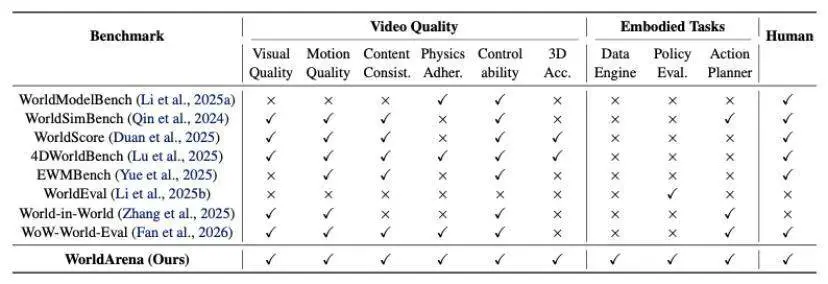 现有世界模型基准与 WorldArena 的评测维度对比:
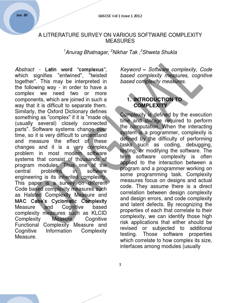 1. INTRODUCTION TO COMPLEXITY Complexity is defined by the execution time and storage required to perform the computation. When the interacting system is a programmer, complexity is defined by the difficulty of performing tasks such as coding, debugging, testing, or modifying the software. The term software complexity is often applied to the interaction between a program and a programmer working on some programming task. Complexity measures focus on designs and actual code. They assume there is a direct correlation between design complexity and design errors, and code complexity and latent defects. By recognizing the properties of each that correlate to their complexity, we can identify those high risk applications that either should be revised or subjected to additional testing. Those software properties which correlate to how complex its size, interfaces among modules (usually
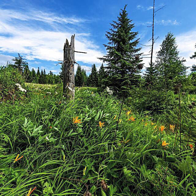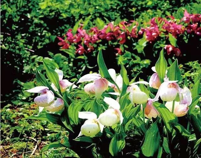 长白山是东北亚大陆唯一的原始高山植被和温带植被宝库,有2000多种植物,其中具有观赏价值的花卉就占一半左右。每年6月底-8月底,从海拔600米以上的阔叶林带开始,在山坡、林下、谷地、河边竞相开放的鸢尾、百合、大花萱草、金莲花、塘松草、藜芦花等,点缀着长白山麓,放眼望去,漫山遍野姹紫嫣红,一派生机,堪称"天堂花园"。
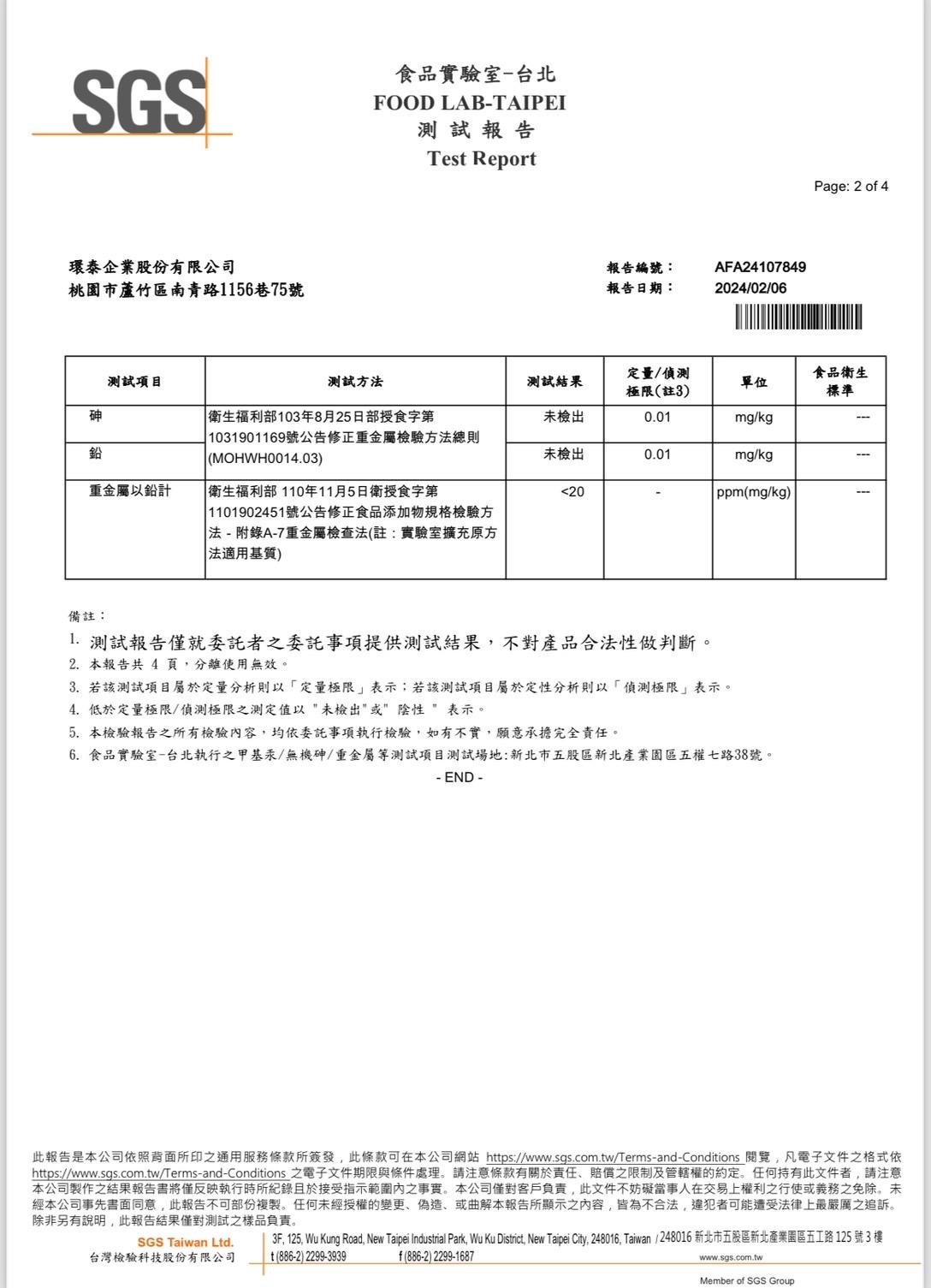 【註*】:為環境存在的微量元素,屬於自然現象,檢測結果低於食品衛生管理法食米重金屬限量標準, 品質安全無虞。
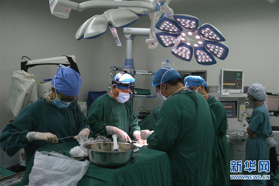 在位于安徽合肥的中国科学技术大学附属第一医院,医生将李洪彦捐献的肾脏移植给受捐者(8月22日摄)。新华社发(黄歆摄)
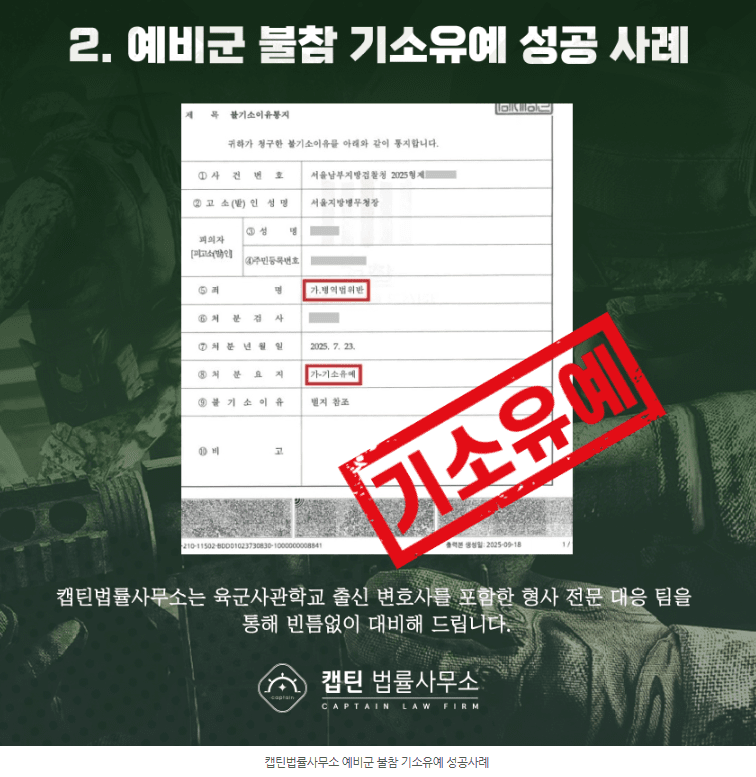 2. 캡틴법률사무소 - 예비군 불참 사실은 인정했지만, 기소유예로 전과 없이 마무리 성공 사례
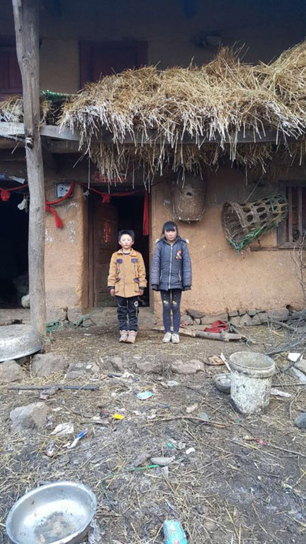 姐弟俩站在房前。 本文图片 受访者:王刚奎 供图
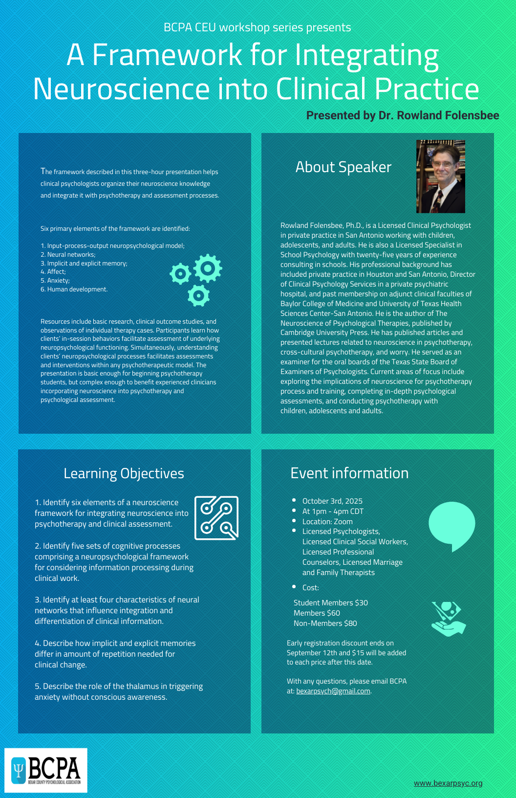 Core, overarching brain processes within each element are explained and the clinical relevance of each process for understanding clients’ behavioral and psychological manifestations is delineated. Findings from basic research, clinical outcome studies, and observations of individual therapy cases are incorporated into the presentation. Participants are helped to identify how their clients’ behaviors and verbalizations can facilitate assessment of underlying neuropsychological processes. At the same time, understanding their clients’ underlying neuropsychological processes in an integrated way can be used to support assessments and interventions undertaken within any psychotherapeutic model. Throughout the presentation, discussion breaks will be provided to guide participants in applying each element of the framework to their interventions with their clients. The initial presentation of the framework is kept simple enough that psychology students early in training can grasp and apply the concepts. However, based on the complexity of the overall framework, advanced clinicians can benefit from understanding they can glean from integrating neuroscience into already well-developed conceptions of treatment.

##########

In the entries above, find the line with "长白山是东北亚大陆唯一的原始" and the line with "在位于安徽合肥的中国科学技术". Return exactly those lines and all the ones between them, pictures excluded.

 长白山是东北亚大陆唯一的原始高山植被和温带植被宝库,有2000多种植物,其中具有观赏价值的花卉就占一半左右。每年6月底-8月底,从海拔600米以上的阔叶林带开始,在山坡、林下、谷地、河边竞相开放的鸢尾、百合、大花萱草、金莲花、塘松草、藜芦花等,点缀着长白山麓,放眼望去,漫山遍野姹紫嫣红,一派生机,堪称"天堂花园"。
 【註*】:為環境存在的微量元素,屬於自然現象,檢測結果低於食品衛生管理法食米重金屬限量標準, 品質安全無虞。
 在位于安徽合肥的中国科学技术大学附属第一医院,医生将李洪彦捐献的肾脏移植给受捐者(8月22日摄)。新华社发(黄歆摄)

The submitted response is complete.